Portland Marijuana Rules: The New Draft
As our Oregon clients gear up for recreational marijuana license applications, most of the focus has been at the state level. We recently saw top-down rules from the Oregon Health Authority(OHA) for the re-styled medical program and for temporary recreational sales. We now await rules from the Oregon Liquor Control Commission (OLCC) for next year’s full recreational program. Parallel to these developments but less discussed, have been actions of cities and counties that will issue their own rules on zoning, permitting, and time, place and manner requirements.
Last week, the City of Portland, through its Office of Neighborhood Involvement (ONI), posteddraft rules on “Marijuana Regulatory License Procedure and Requirements.” These rules will affect a significant segment of Oregon’s marijuana industry; that is, all medical and recreational industry players within Portland city limits. To give you an idea of the size of Portland’s marijuana footprint, the city has 148 approved medical marijuana dispensaries per OHA data (compared to 93 Starbucks). Eugene is second with 27 approved dispensaries and Bend has 15.
As I have written before, Oregon is a “home rule” state and cities and counties are allowed to make rules without permission from on high, so long as those rules are not incompatible with state law. Oregon’s omnibus marijuana statute, HB 3400, permits cities and counties to legislate regarding marijuana in various ways, including even opting out from legalization entirely. Nothing in the statute says local jurisdictions can’t require their own permits, make their own zoning laws, or have their own inspections. The sole proviso is that local rules cannot conflict with state law.
The Portland draft rules are both broad and detailed. ONI proposes that the City require a fee-based license for all categories of medical and recreational marijuana businesses, including growers, processors, wholesalers and retailers. All marijuana businesses “must be within a building or structure subject to permit review” and not located in an area zoned for residential use. Medical dispensaries must be located 1,000 feet apart and retailers must be 1,000 feet apart. Doors may be open from 7am to 9pm.
Like the OLCC and OHA, the City or Portland wants biography via a Personal History Form on every program “Applicant,” which it defines as “any individual directly involved in the management and operation of, or has at least 10% ownership interest in the Marijuana Business or Marijuana Dispensary.” This differs from the definition of “Applicant” in the latest draft rules circulated by the OLCC, which define an “Applicant” as “any person or legal entity having a financial interest in the business….” So, the Portland rules require a little less disclosure, but not much.
In addition to the Personal History Form, the City will require: descriptions of each business’ operations and its security plan; proof of a state-issued license; and proof of ownership in the form of a lease or other instrument. For storefronts, a “Control Plan” discussing security and nuisance abatement is required. Growers must provide documentation of permits from the Fire Department and Bureau of Development Services. And finally, delivery of marijuana off-site is not allowed (except as provided for under the existing Oregon Medical Marijuana Act).

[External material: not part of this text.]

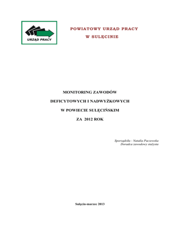 POWIATOWY URZĄD PRACY W SULĘCINIE MONITORING ZAWODÓW DEFICYTOWYCH I NADWYŻKOWYCH W POWIECIE SULĘCIŃSKIM ZA 2012 ROK Sporządziła : Natalia Paczewska Doradca zawodowy stażysta Sulęcin-marzec 2013 SPIS TREŚCI WSTĘP…………………………………………………………………...……………………………….. 3 Cel opracowania…………………………………………………………………………………………... 3 Zakres tematyczny monitoringu………………………………………………………………...………… 3 Źródła informacji………………………………………………………………………….........…………. 4 ANALIZA BEZROBOCIA WG ZAWODÓW ……………………………………………….............…. 5 Bezrobotni według zawodów (grup zawodów)……………………………………...................…...……. 5 Napływ bezrobotnych według zawodów (grup zawodów)…………………..……...……………………. 8 Bezrobotni według rodzaju działalności ostatniego miejsca pracy oraz ofert pracy……………………… 9 ANALIZA OFERT PRACY ………………………………………………………………………… 12 Analiza ofert pracy wg zawodów (grup zawodów)……………………………………….……………… 12 ANALIZA ZAWODÓW DEFICYTOWYCH I NADWYŻKOWYCH……………...………………… 14 Ranking zawodów deficytowych i nadwyżkowych…………..……………………….………………… 14 WNIOSKI…………………………………………………………………………………………………. 20 Monitoring zawodów deficytowych i nadwyżkowych w powiecie sulęcińskim za 2012 rok. 2 WSTĘP 1. Cel opracowania Zgodnie z zaleceniami metodycznymi Ministerstwa Gospodarki, Pracy i Polityki Społecznej przez monitoring zawodów deficytowych i nadwyżkowych należy rozumieć proces systematycznego obserwowania zjawisk zachodzących na rynku pracy, dotyczących kształtowania popytu na pracę i podaży zasobów pracy w przekroju terytorialno-zawodowym. W ramach monitoringu określa się zawody deficytowe i nadwyżkowe, co jest istotne dla wprowadzenia jednolitej metody, służącej bieżącej koordynacji szkolenia bezrobotnych oraz kierunków kształcenia zawodowego na potrzeby lokalnego rynku pracy. 2. Zakres tematyczny monitoringu W monitoringu zawarta jest statystyka z zakresu stosowania zawodów i specjalności zarejestrowanych bezrobotnych sporządzana na podstawie Rozporządzenia Ministra Pracy i Polityki Społecznej z dnia 27 kwietnia 2010r. w sprawie klasyfikacji zawodów i specjalności na potrzeby rynku pracy oraz zakresu jej stosowania (Dz. U. Nr 82 z dnia 17 maja 2010, poz. 537). W nowej, obecnie obowiązującej klasyfikacji zawodów i specjalności zmieniono liczbę grup zawodów, nazwy niektórych grup oraz wprowadzono 564 zawody i specjalności, których nie było w poprzedniej ewidencji. Zmianie uległo także założenie, że wymagania związane z wykształceniem formalnym i odbytymi szkoleniami stanowią najważniejszy warunek do zaklasyfikowania zawodu do odpowiedniej grupy wielkiej. Klasyfikacja jest pięciopoziomowym, hierarchicznie usystematyzowanym zbiorem zawodów i specjalności występujących na rynku pracy. Grupuje poszczególne zawody (specjalności) w coraz bardziej zagregowane grupy oraz ustala ich symbole i nazwy. W końcowym efekcie struktura klasyfikacji obejmuje 10 grup wielkich, 43grupy duże, 132 grupy średnie i 444 grupy elementarne, przy czym grupy elementarne obejmują 2360 zawodów i specjalności. Przy opracowywaniu monitoringu zastosowano również poziom i strukturę bezrobotnych oraz zgłaszanych ofert pracy według Polskiej Klasyfikacji Działalności. Monitoring zawodów deficytowych i nadwyżkowych w powiecie sulęcińskim za 2012 rok. 3 3. Źródła informacji Głównym źródłem Monitoringu zawodów deficytowych i nadwyżkowych jest: załącznik 3 do sprawozdania MPiPS-01- Bezrobotni oraz oferty pracy według zawodów i specjalności na koniec 2012 roku; załącznik 2 do sprawozdania MIPS-01- Bezrobotni według rodzaju działalności ostatniego miejsca pracy raz ofert pracy. Stan na koniec 2012 roku; dane statystyczne Powiatowego Urzędu Pracy Sulęcinie. Monitoring zawodów deficytowych i nadwyżkowych w powiecie sulęcińskim za 2012 rok. 4 ANALIZA BEZROBOCIA WG ZAWODÓW (GRUP ZAWODÓW) 1. Bezrobotni według zawodów (grup zawodów) W analizowanym okresie poziom bezrobocia wyniósł 1848 osób bezrobotnych, w tym 875 kobiety, 337 osób długotrwale bezrobotnych. Na koniec 2012 roku ilość osób bezrobotnych w stosunku do analogicznego okresu uprzedniego roku zwiększyła się o 113 osób bezrobotnych. Od kilku lat największą liczbę bezrobotnych w powiecie sulęcińskim notuje się u osób legitymujących się następującymi zawodami: monter podzespołów i zespołów elektronicznych, sprzedawca, robotnik gospodarczy, robotnik budowalny. Poniżej przedstawiono zawody, w których zarejestrowane były osoby bezrobotne w powiecie sulęcińskim na koniec 2012 roku: Bez zawodu - 319 Monter podzespołów i zespołów elektronicznych - 143 Sprzedawca - 142 Robotnik gospodarczy - 83 Robotnik budowlany - 57 Robotnik pomocniczy w przemyśle przetwórczym - 38 Robotnik leśny - 36 Murarz - 31 Kucharz - 28 Magazynier - 25 Ślusarz - 25 Szwaczka - 23 Mechanik maszyn i urządzeń do obróbki metali - 22 Pomoc kuchenna - 20 Technik prac biurowych - 18 Robotnik placowy - 18 Stolarz - 17 Kelner - 15 Krawiec - 15 Kierowca samochodu osobowego - 13 Technik mechanik - 12 Monitoring zawodów deficytowych i nadwyżkowych w powiecie sulęcińskim za 2012 rok. 5 Kucharz małej gastronomii - 12 Mechanik maszyn i urządzeń przemysłowych - 12 Cukiernik - 12 Piekarz - 12 Sprzątaczka biurowa - 12 Technik ekonomista - 11 Operator urządzeń przetwórstwa drobiu - 11 Pakowacz - 11 D
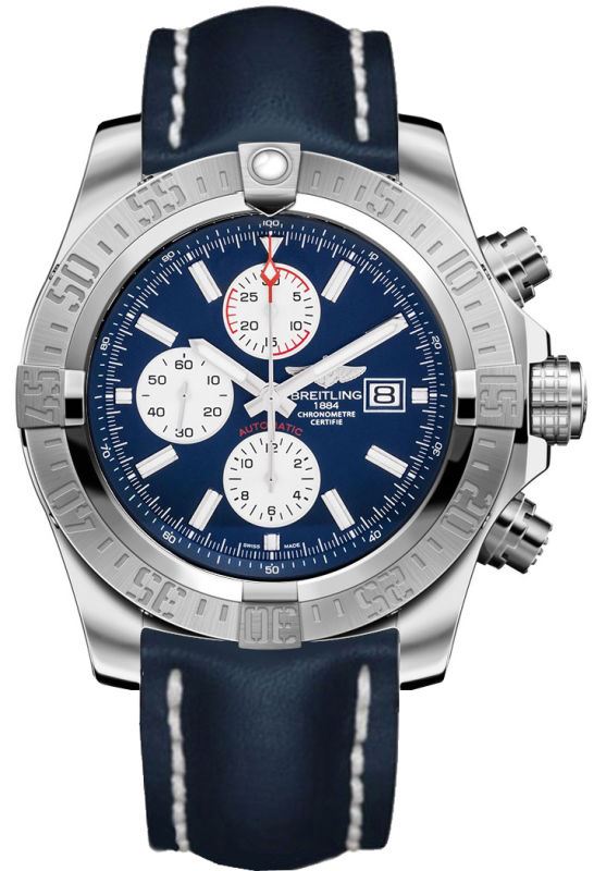 Model: A1337111/C871-101X - CASE = [Material:Stainless Steel], [Case Diameter:48], [Bezel:Unidirectional rotating], [Water Resistant:300 Meters - 1000 Feet], [Crystal:Scratch Resistant Sapphire], DIAL = [Color:Blue], MOVEMENT = [Type:Chronograph Automatic Self Winding], [Crown:Screw Down], BAND = [Clasp:Pin & Buckle], [Type:Blue Leather], (Usually ships in 1 to 2 weeks.)

After a Community Stakeholder Meeting on September 8, these rules will be considered by the Portland City Council on September 16. The City Council may adopt the rules in whole or in part, according to its charter. After the rules are adopted, and according to ONI’s timeline, the City does not anticipate accepting applications until October 1, 2016 – exactly one year to the day after the early recreational sales program begins. This is good news for marijuana businesses, which will not need to apply with the city unless they first receive a license from the state.
At this time, cannabis entrepreneurs in Portland and elsewhere should focus on influencing local rule-making while opportunities to do so still exist, as these rules will become very tough to change once codified. Ultimately, Oregon pot businesses everywhere should expect local compliance obligations (and plenty of them) in addition to the OLCC and OHA rules. We will continue to update as key developments unfold.